==== Dataset records ====

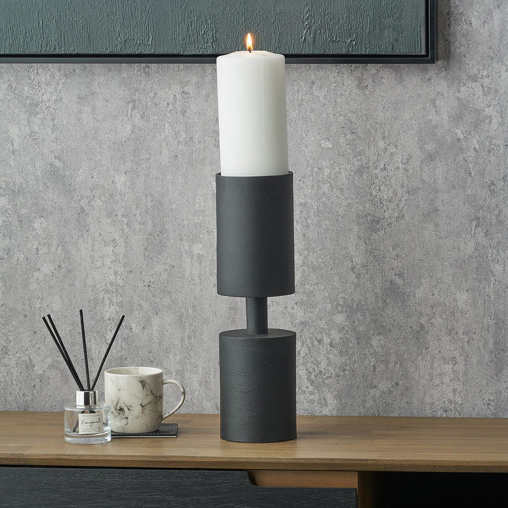 Matt Black Metal Pillar Candle Holder Large
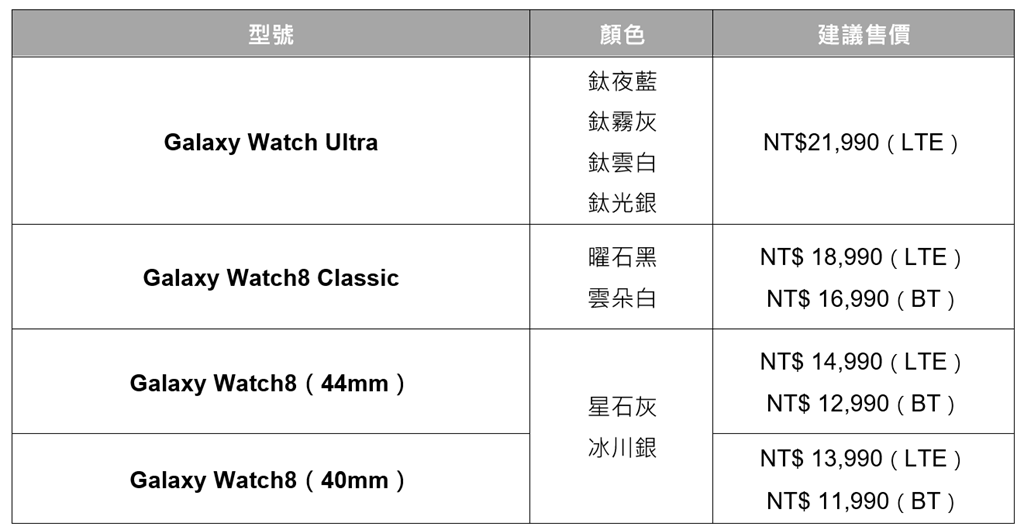 除了手機產品,三星也同步推出全新 Galaxy Watch8 系列,包含 Galaxy Watch8、Watch8 Classic 與首次亮相的 Galaxy Watch Ultra。建議售價自 NT$11,990 起,支援 LTE 與藍牙兩種版本,並推出鈦光銀、星石灰、曜石黑等多種配色。預購期間同樣為 7 月 10 日至 24 日,參與預購可享延長保固、錶帶折扣,以及限量無線充行動電源等贈品。
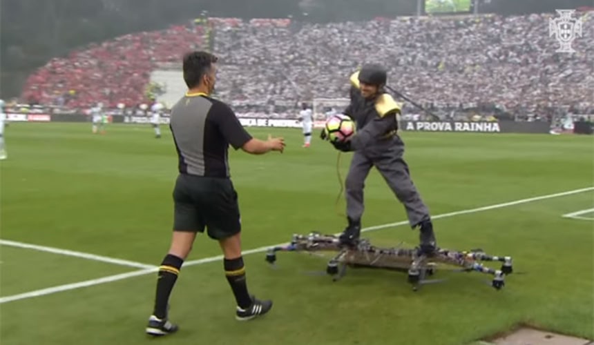この画像を大きなサイズで見る今月5月28日に行われたポルトガル杯の決勝戦で、サッカーファンは近未来的なホバーボードに乗る男性が上空から舞い降りて審判にボールを手渡すというSF的な光景を目の当たりにした。
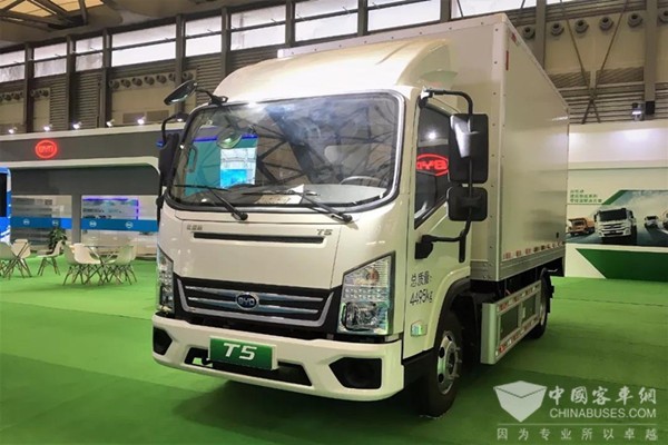 此外,比亚迪还展出了城市物流领域的代表性成果T5A。T5A纯电动卡车主打城市物流配送市场,采用铝合金车身和货箱,整车电量为84.4kWh,载货空间达17m³,综合工况下满载续航里程超过200km,可有效满足城市配送的市场需求。同时,得益于动力电池热管理系统等领先科技,今年1月至8月,比亚迪T5A以优异表现完成哈尔滨极寒及吐鲁番高温测试,检验了其在极端环境中的产品可靠性和安全性。
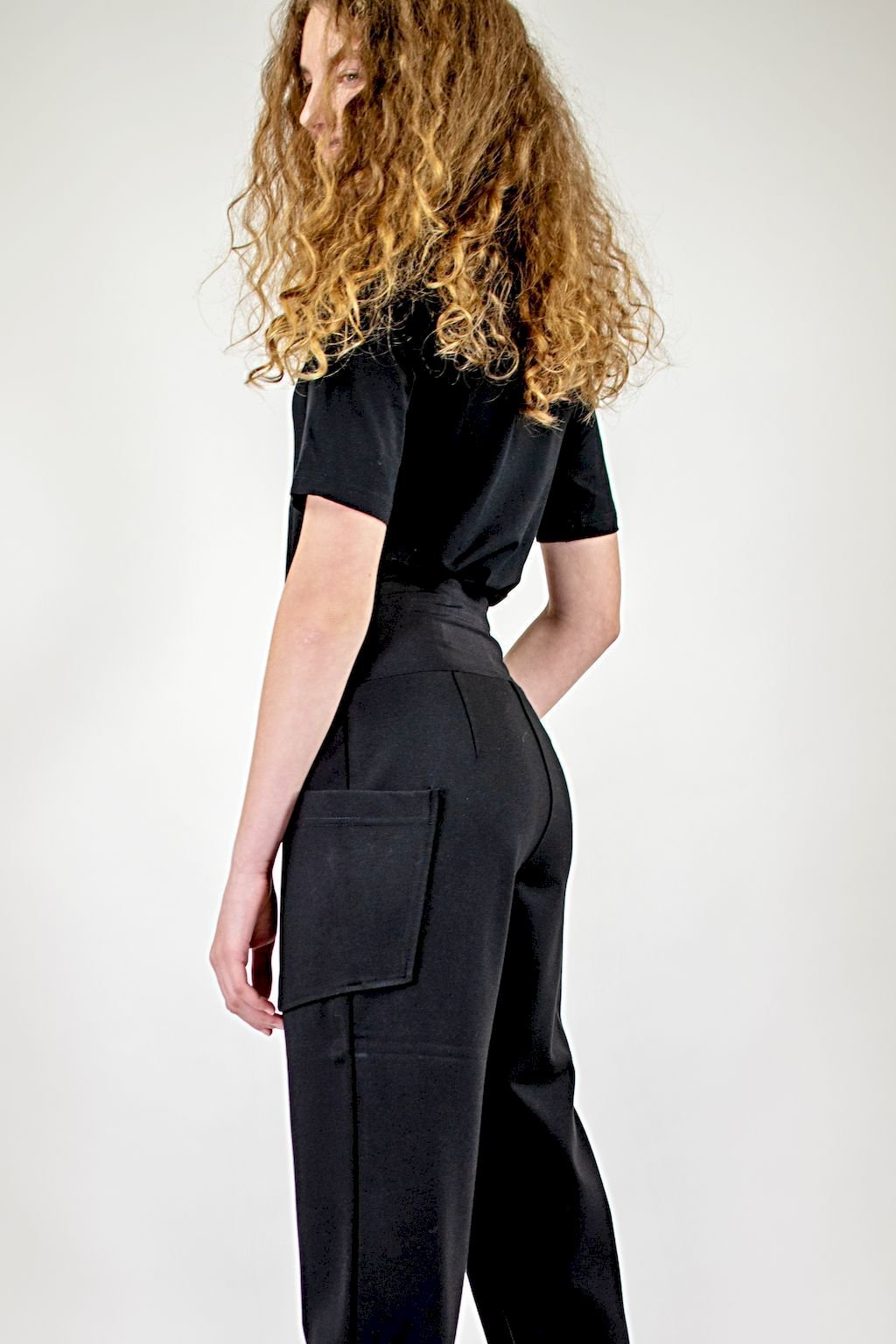 Dámské černé úpletové kalhoty s vysokou variabilní manžetou na nohavici, v pase do vysokého pohodlného nápletu, na bocích velké nakládané kapsy.

====

» **Directions for this task**: All that is needed is the exact run of lines from the start of the material above through the one containing "この画像を大きなサイズで見る", pictures left out.

» **Written solution**:
 Matt Black Metal Pillar Candle Holder Large
 除了手機產品,三星也同步推出全新 Galaxy Watch8 系列,包含 Galaxy Watch8、Watch8 Classic 與首次亮相的 Galaxy Watch Ultra。建議售價自 NT$11,990 起,支援 LTE 與藍牙兩種版本,並推出鈦光銀、星石灰、曜石黑等多種配色。預購期間同樣為 7 月 10 日至 24 日,參與預購可享延長保固、錶帶折扣,以及限量無線充行動電源等贈品。
この画像を大きなサイズで見る今月5月28日に行われたポルトガル杯の決勝戦で、サッカーファンは近未来的なホバーボードに乗る男性が上空から舞い降りて審判にボールを手渡すというSF的な光景を目の当たりにした。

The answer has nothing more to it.